There are signs that the depressed solar energy market is on the rebound, with solar suppliers, industry associations and market analysts predicting a brighter future.
Strong results from leading photovoltaic (PV) panel suppliers, combined with increased solar activity in leading markets such as Germany, where projections for solar sales to soar have emerged, indicate that the solar market is recovering from the huge slump that occurred earlier this year.
LDK Solar Company Limited and Trina Solar Limited have both posted strong third-quarter financial results, and, as earnings show fears overblown for the sector, expectations have improved. LDK Solar recorded operating profits of $56.8 million (37.7 million euros), compared to a massive $205.5 million (136.4 million euros) net loss in the second quarter.
LDK CEO Peng Xiaofeng said: "Global multi-crystalline wafer demand rose sharply in the third quarter. Our company's third quarter performance reflects a general improvement in the solar PV industry."
Trina Solar posted total revenues of $249.7 million (165.7 million euros) for the third quarter, up more than 66% from the second quarter. The company also shipped 123 megawatts (MW) of solar modules in the third quarter, up almost 92% on from the previous quarter.
Demand for panels has been on the increase in the third quarter, with analysts at New Energy Finance claiming that the cost of installing solar, based on the 'levelized cost,' or the unsubsidized cost per kilowatt-hour, will have fallen 50% by the end of the year. For other renewable power sectors, the drop will be about 10%.
"So far this year, the steady decline in the cost of equipment in sectors like solar and wind has been largely offset by the increasing costs of financing," said Michael Liebreich, chairman and CEO of New Energy Finance. "By the end of this year, however, as capital markets loosen up and equipment prices continue their decline, we will see the levelized costs decline, finishing the year 10% below the end of last year across the board, and far more than that in solar."
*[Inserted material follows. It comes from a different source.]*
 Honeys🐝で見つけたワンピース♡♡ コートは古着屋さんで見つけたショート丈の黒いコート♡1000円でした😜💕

Photovoltaic (PV) module prices have fallen continuously in recent months amid a price war across suppliers with thin-film panels showing far greater price drops than the more expensive crystalline silicon systems used in less sunny locations.
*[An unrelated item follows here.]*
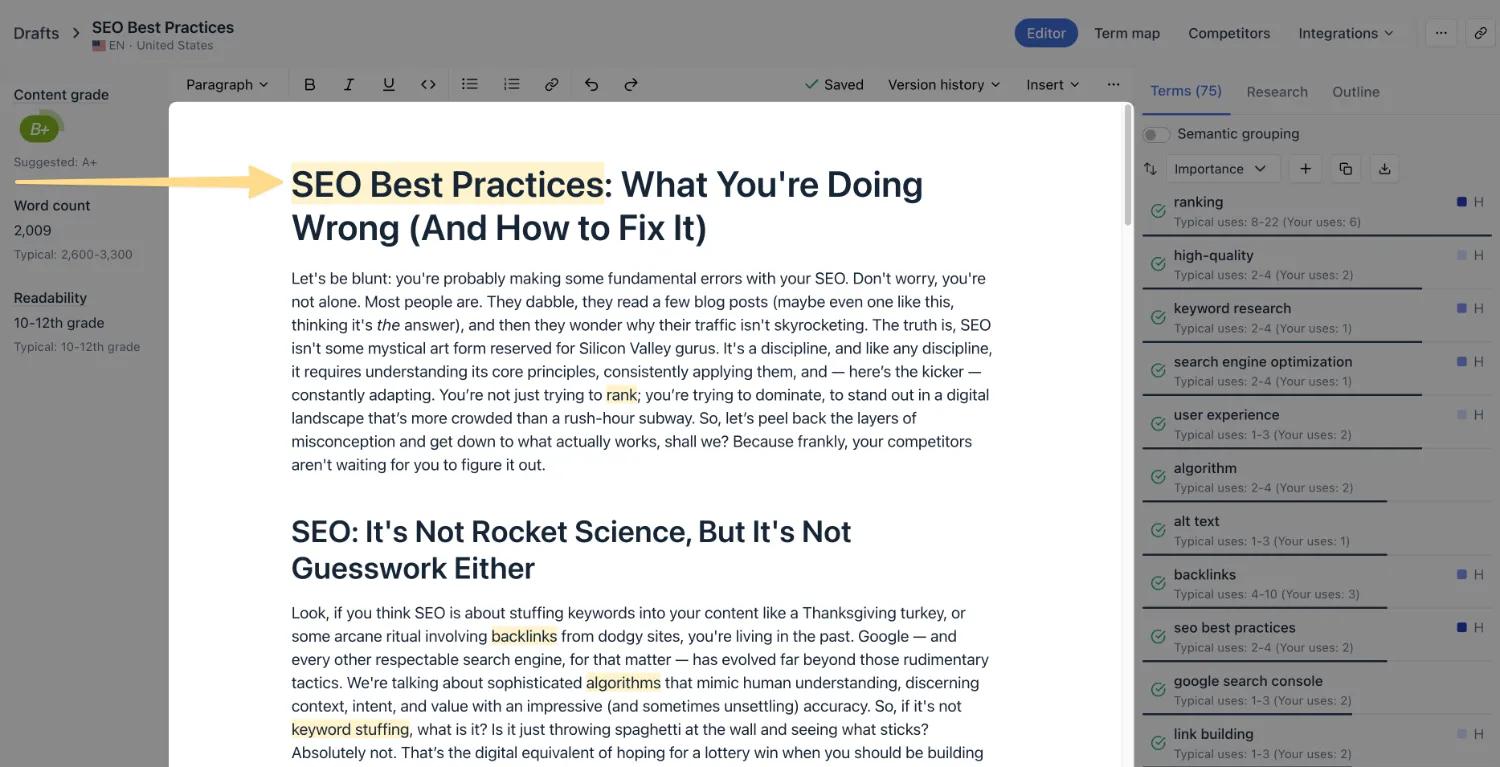 Now it’s time to review and tailor the AI-generated outline to better reflect your brand voice and audience needs. While Clearscope offers a solid foundation, we recommend refining the structure to highlight your unique value proposition.

In Europe, there has been a surge in demand for solar in Germany since the third quarter. Germany is now the biggest European solar market since Spain's government severely capped its very generous feed-in tariffs for 2009. Since then, Germany, which still has a feed-in tariff in place, even as subsidy cuts muddy the outlook for some players, has become the focus for many suppliers and investors.
"Solar-panel installations in Germany began surging to record levels in July as prices for PV systems plunged," said Dr. Henning Wicht, senior director of photovoltaics research for iSuppli. "This phenomenon has boosted the global solar panel business and mitigated the severe oversupply situation that has stung the industry throughout this year."
iSuppli predicts that Germany will install 2.5 gigawatts (GW) of solar panels in 2009, as installed PV capacity approaches new milestones, up from the previous forecast of 1.53 GW. The prediction is borne out from other sources, including the German Solar Industry Association (BSi), which said that Germany will install up to, but not more than, 3 GW of photovoltaic capacity this year.
Overall, largely because of Germany's surge in demand and more positive signs in the U.S. and Chinese markets, despite German demand fears among U.S. investors, BSi expects global demand for 2009 to hit 5.2 GW, up from the previous, less optimistic prediction of 3.9 GW.